Con espíritu de misericordia, abrazamos a todos los que huyen de la guerra y del hambre, o que se ven obligados a abandonar su tierra a causa de la discriminación, la persecución, la pobreza y la degradación ambiental.

Somos conscientes de que no es suficiente sentir en nuestro corazón el sufrimiento de los demás. Habrá que trabajar mucho antes de que nuestros hermanos y hermanas puedan empezar de nuevo a vivir en paz, en un hogar seguro. Acoger al otro exige un compromiso concreto, una cadena de ayuda y de generosidad, una atención vigilante y comprensiva, la gestión responsable de nuevas y complejas situaciones que, en ocasiones, se añaden a los numerosos problemas ya existentes, así como a unos recursos que siempre son limitados. El ejercicio de la virtud de la prudencia es necesaria para que los gobernantes sepan acoger, promover, proteger e integrar, estableciendo medidas prácticas que, «respetando el recto orden de los valores, ofrezcan al ciudadano la prosperidad material y al mismo tiempo los bienes del espíritu» [3]. Tienen una responsabilidad concreta con respecto a sus comunidades, a las que deben garantizar los derechos que les corresponden en justicia y un desarrollo armónico, para no ser como el constructor necio que hizo mal sus cálculos y no consiguió terminar la torre que había comenzado a construir[4].
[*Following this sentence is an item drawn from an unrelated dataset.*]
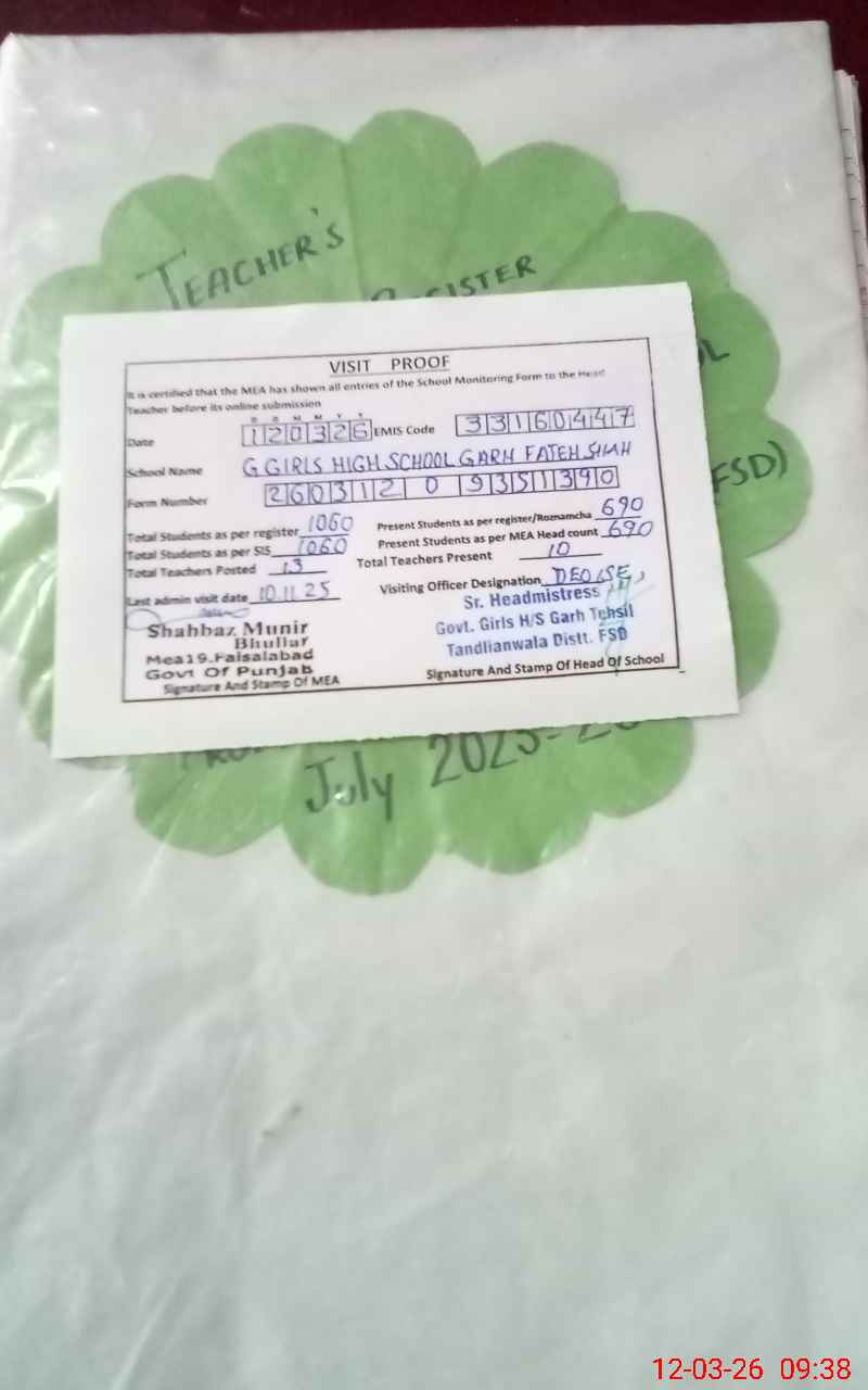 | EMIS Code: 33160447 | Name of School: GGHS GARH FATEH SHAH FSD | |||

  1. ¿Por qué hay tantos refugiados y migrantes?

Ante el Gran Jubileo por los 2000 años del anuncio de paz de los ángeles en Belén, san Juan Pablo II incluyó el número creciente de desplazados entre las consecuencias de «una interminable y horrenda serie de guerras, conflictos, genocidios, “limpiezas étnicas”» [5], que habían marcado el siglo XX. En el nuevo siglo no se ha producido aún un cambio profundo de sentido: los conflictos armados y otras formas de violencia organizada siguen provocando el desplazamiento de la población dentro y fuera de las fronteras nacionales.

Pero las personas también migran por otras razones, ante todo por «el anhelo de una vida mejor, a lo que se une en muchas ocasiones el deseo de querer dejar atrás la “desesperación” de un futuro imposible de construir» [6]. Se ponen en camino para reunirse con sus familias, para encontrar mejores oportunidades de trabajo o de educación: quien no puede disfrutar de estos derechos, no puede vivir en paz. Además, como he subrayado en la Encíclica Laudato si’, «es trágico el aumento de los migrantes huyendo de la miseria empeorada por la degradación ambiental» [7].

La mayoría emigra siguiendo un procedimiento regulado, mientras que otros se ven forzados a tomar otras vías, sobre todo a causa de la desesperación, cuando su patria no les ofrece seguridad y oportunidades, y toda vía legal parece imposible, bloqueada o demasiado lenta.

En muchos países de destino se ha difundido ampliamente una retórica que enfatiza los riesgos para la seguridad nacional o el coste de la acogida de los que llegan, despreciando así la dignidad humana que se les ha de reconocer a todos, en cuanto que son hijos e hijas de Dios. Los que fomentan el miedo hacia los migrantes, en ocasiones con fines políticos, en lugar de construir la paz siembran violencia, discriminación racial y xenofobia, que son fuente de gran preocupación para todos aquellos que se toman en serio la protección de cada ser humano [8].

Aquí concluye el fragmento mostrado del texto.